Kinetic parameters for IMP-1, IMP-6 and IMP-25 variants towards various β-lactam antibiotics. The data correspond to Liu et al. [83], the conditions employed for the reactions were Buffer MOPS pH 7, 100 µM ZnSO₄, 10 µg/mL BSA, 30 °C.

Figure 11

Hydrogen bond rearrangements in the vicinity of the active of the BcII evolved mutant. (A) BcII structure (PDB 1BC2); (B) BcII evolved mutant structure (PDB 3FCZ). The residues implicated in the hydrogen bond network that is affected by mutations N70S and G262S in the evolved mutant are shown together with the active site residues. The mutation G262S gives rise to a new interaction between side chains of Cys221 and Ser262 that affects the position of the Zn(II) ion at the Zn2 site. Interactions involving Asn70 side chain that connect Loop-12 and Loop-L3 are lost when this position is mutated to Ser. Residues are shown as sticks, relevant hydrogen bond interactions are shown as dashed lines and Zn(II) ions are shown as dark gray spheres.

Figure 12

SPM-1, a B1 enzyme with unique structural and second sphere features.

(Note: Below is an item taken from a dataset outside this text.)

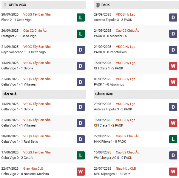 Sau lịch thi đấu dày đặc 3 trận liên tiếp, thầy trò Claudio Giráldez sẽ được trở về sân nhà cho 4 trận liền, lần lượt gặp PAOK, Atletico Madrid, Sociedad và Nice. Chắc chắn, NHM Celta Vigo sẽ hy vọng lợi thế sân nhà sẽ mở ra khởi đầu mới cho mùa giải 2025/26. Đáng chú ý, trong 4 lần đối đầu các đội Hy Lạp tại cúp châu Âu trước đây, Celta Vigo bất bại với 3 chiến thắng và 1 trận hòa.

SPM-1 crystallographic structure (PDB 2FHX) shows how a central insertion accommodates in an extended α-helix, instead of the L8 loop found in the other B1 enzymes. Two atypical second sphere residues in SPM-1, S84, and G121, which replace the conserved D84/R121 couple, disrupt a B1 conserved second sphere network. Residues are shown as sticks, Zn(II) ions as dark gray spheres and water molecules as red spheres.